Top of STUDY MATERIAL

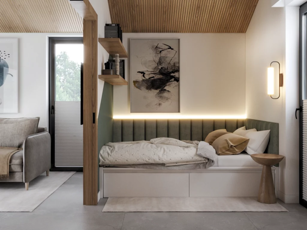 W związku z zapotrzebowaniem na małe parterowe domki, wprowadziliśmy do oferty projekt całorocznego domku o powierzchni użytkowej 27 m2. Wymiary domu nie wymagają uzyskania pozwolenia na budowę. Budynek składa się z salonu wraz aneksem kuchennym, sypialni oraz łazienki. Całość wykonana jest w systemie szkieletowym w konstrukcji drewnianej. Projekt jest nowoczesny, a zastosowane w nim roziązania, nadają mu cudowny mikroklimat. Jego właściwości termoizolacyjne, dzięki zastosowaniu drewna sosnowego, zapewniają idealny komfort cieplny. Latem można w nim odczuć przyjemny chłód, a zimą we wnętrzach panuje wyższa tremperatura. Prefabrykacja poszczególnych części Domku w Świerkach znacznie przyspiesza budowę, ułatwia montaż, a przede wszystkim prace wykończeniowe nie są skoplikowane. Ogromnym atutem budwonictwa szkieletowego jest również łatwość modernizacji i rozbudowy domku. Bez przeszkód można go zaaranżować, jako prywatny domek letniskowy, jak również poszerzyć skalę działań i stworzyć całe osiedle domków pod inwestycję. Rozwiązania technologiczne od Polish-Dom zapewniają solidną i trwałą konstrukcję, innowacyjna technologia szkieletowa to pewność najlepszych materiałów w atrakcyjnej cenie.
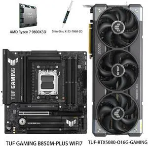 ASUS GPU& Motherboard &Thermal paste & CPU Combo, TUF-RTX5080-O16G-GAMING Graphics Card, TUF GAMING B850M-PLUS WIFI7 Motherboard, AMD Ryzen 7 9800X3D CPU, for gaming or AI pc
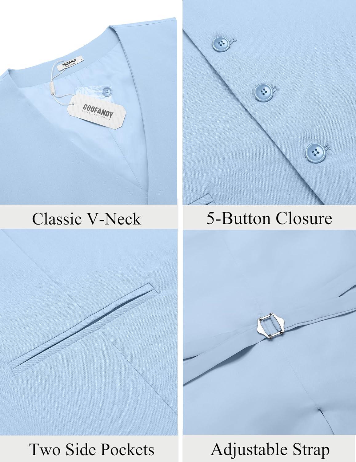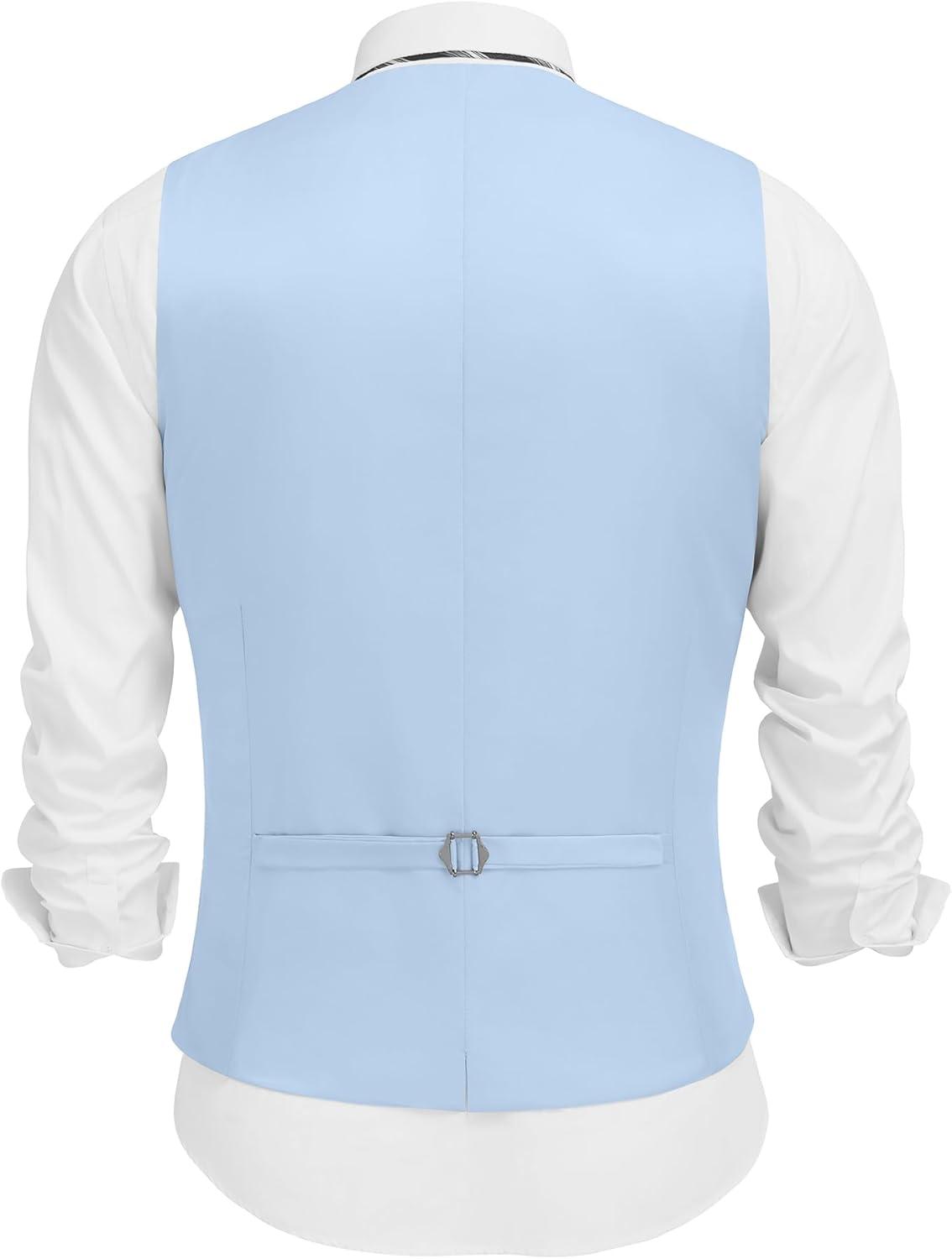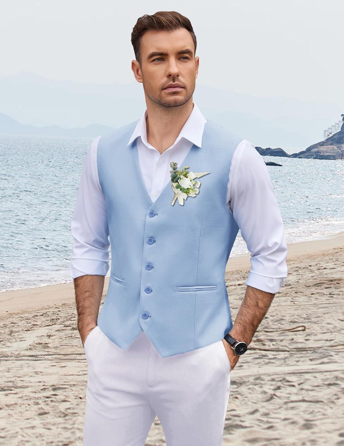COOFANDY Men's Linen Vest Casual Linen Slim Fit Suit Vests Dress Waistcoat Wedding Business Prom(Light Blue)
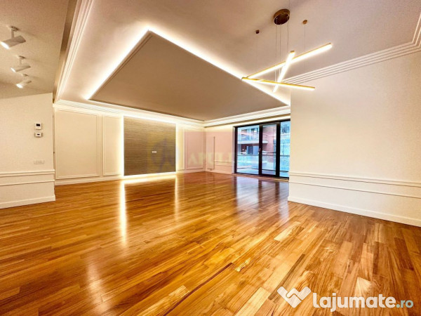 4 camere decomandate, situat în ansamblul Washington Residence, la etajul 1/4, cu 180 mp utili, 2 terase (14 mp și 9 mp), loc de parcare în garaj subteran și boxă de depozitare incluse.
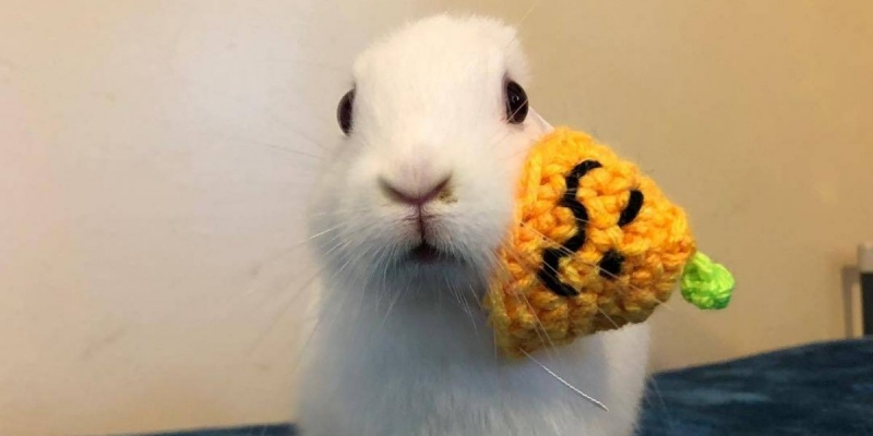Tudo começou com uma prótese padrão, como a de um coelho. Mas hoje o filhote já tem uma verdadeira coleção, exibida em sua conta no Instagram. Tem coroa de flores, orelhas de rato e até um chapéu de abóbora para entrar no clima do Halloween. Não é uma gracinha?
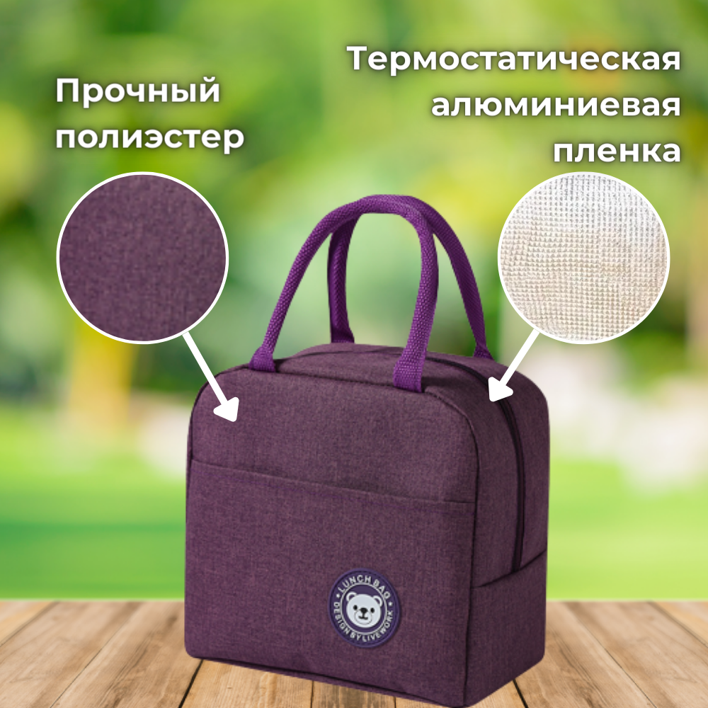 Отзывы на Термосумка для ланч-бокса, объём 6 литров, сумка для обеда и путешествий 23х21х13см, фиолетовая

Bottom of STUDY MATERIAL

=== ASSIGNMENT ===
Please set down every line of the data above precisely, dropping the images.

=== FINISHED EXERCISE ===
 W związku z zapotrzebowaniem na małe parterowe domki, wprowadziliśmy do oferty projekt całorocznego domku o powierzchni użytkowej 27 m2. Wymiary domu nie wymagają uzyskania pozwolenia na budowę. Budynek składa się z salonu wraz aneksem kuchennym, sypialni oraz łazienki. Całość wykonana jest w systemie szkieletowym w konstrukcji drewnianej. Projekt jest nowoczesny, a zastosowane w nim roziązania, nadają mu cudowny mikroklimat. Jego właściwości termoizolacyjne, dzięki zastosowaniu drewna sosnowego, zapewniają idealny komfort cieplny. Latem można w nim odczuć przyjemny chłód, a zimą we wnętrzach panuje wyższa tremperatura. Prefabrykacja poszczególnych części Domku w Świerkach znacznie przyspiesza budowę, ułatwia montaż, a przede wszystkim prace wykończeniowe nie są skoplikowane. Ogromnym atutem budwonictwa szkieletowego jest również łatwość modernizacji i rozbudowy domku. Bez przeszkód można go zaaranżować, jako prywatny domek letniskowy, jak również poszerzyć skalę działań i stworzyć całe osiedle domków pod inwestycję. Rozwiązania technologiczne od Polish-Dom zapewniają solidną i trwałą konstrukcję, innowacyjna technologia szkieletowa to pewność najlepszych materiałów w atrakcyjnej cenie.
 ASUS GPU& Motherboard &Thermal paste & CPU Combo, TUF-RTX5080-O16G-GAMING Graphics Card, TUF GAMING B850M-PLUS WIFI7 Motherboard, AMD Ryzen 7 9800X3D CPU, for gaming or AI pc
COOFANDY Men's Linen Vest Casual Linen Slim Fit Suit Vests Dress Waistcoat Wedding Business Prom(Light Blue)
 4 camere decomandate, situat în ansamblul Washington Residence, la etajul 1/4, cu 180 mp utili, 2 terase (14 mp și 9 mp), loc de parcare în garaj subteran și boxă de depozitare incluse.
Tudo começou com uma prótese padrão, como a de um coelho. Mas hoje o filhote já tem uma verdadeira coleção, exibida em sua conta no Instagram. Tem coroa de flores, orelhas de rato e até um chapéu de abóbora para entrar no clima do Halloween. Não é uma gracinha?
 Отзывы на Термосумка для ланч-бокса, объём 6 литров, сумка для обеда и путешествий 23х21х13см, фиолетовая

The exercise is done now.